GIVEN DATA |
-.-.-

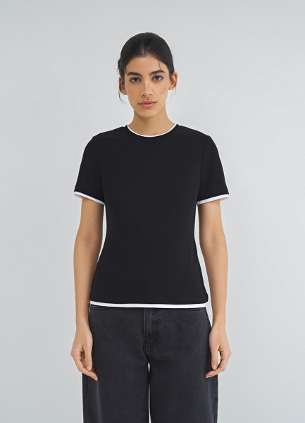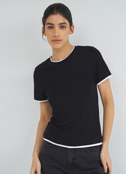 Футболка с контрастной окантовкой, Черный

-.-.-

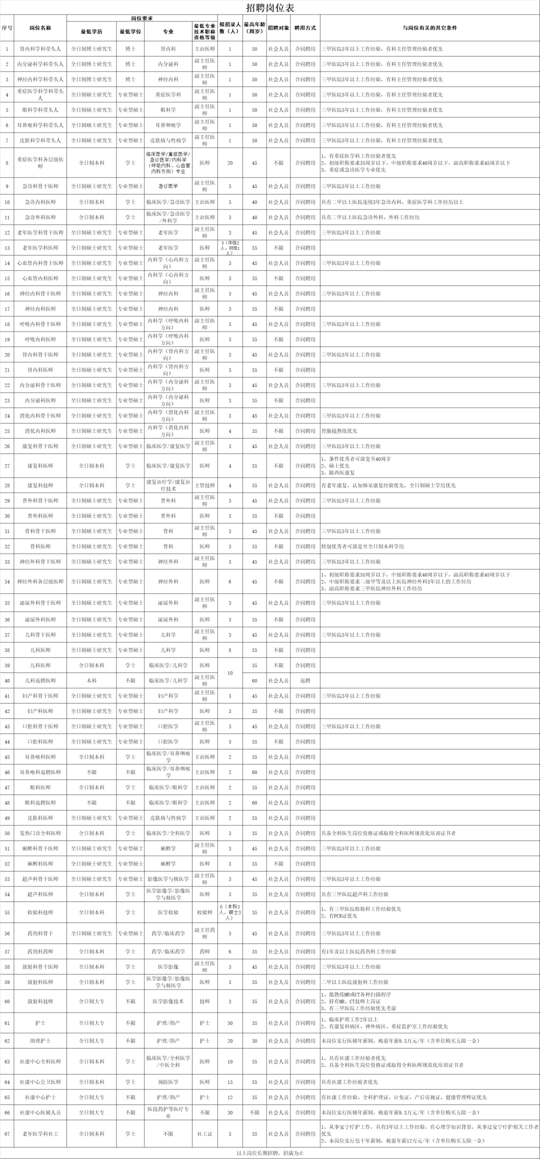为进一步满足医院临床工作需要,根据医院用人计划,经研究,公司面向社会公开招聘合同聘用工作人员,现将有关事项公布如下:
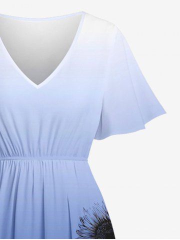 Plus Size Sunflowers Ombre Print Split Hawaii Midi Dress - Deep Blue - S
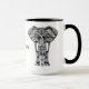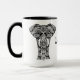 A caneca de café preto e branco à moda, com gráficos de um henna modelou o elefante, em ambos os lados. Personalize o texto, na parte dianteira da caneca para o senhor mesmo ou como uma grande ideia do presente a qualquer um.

-.-.-

Working from the data above, repeat exactly, and only, the lines that begin at the line containing "为进一步满足医院临床工作需要" and stop after the line containing "A caneca de"; pictures are not copied.

为进一步满足医院临床工作需要,根据医院用人计划,经研究,公司面向社会公开招聘合同聘用工作人员,现将有关事项公布如下:
 Plus Size Sunflowers Ombre Print Split Hawaii Midi Dress - Deep Blue - S
 A caneca de café preto e branco à moda, com gráficos de um henna modelou o elefante, em ambos os lados. Personalize o texto, na parte dianteira da caneca para o senhor mesmo ou como uma grande ideia do presente a qualquer um.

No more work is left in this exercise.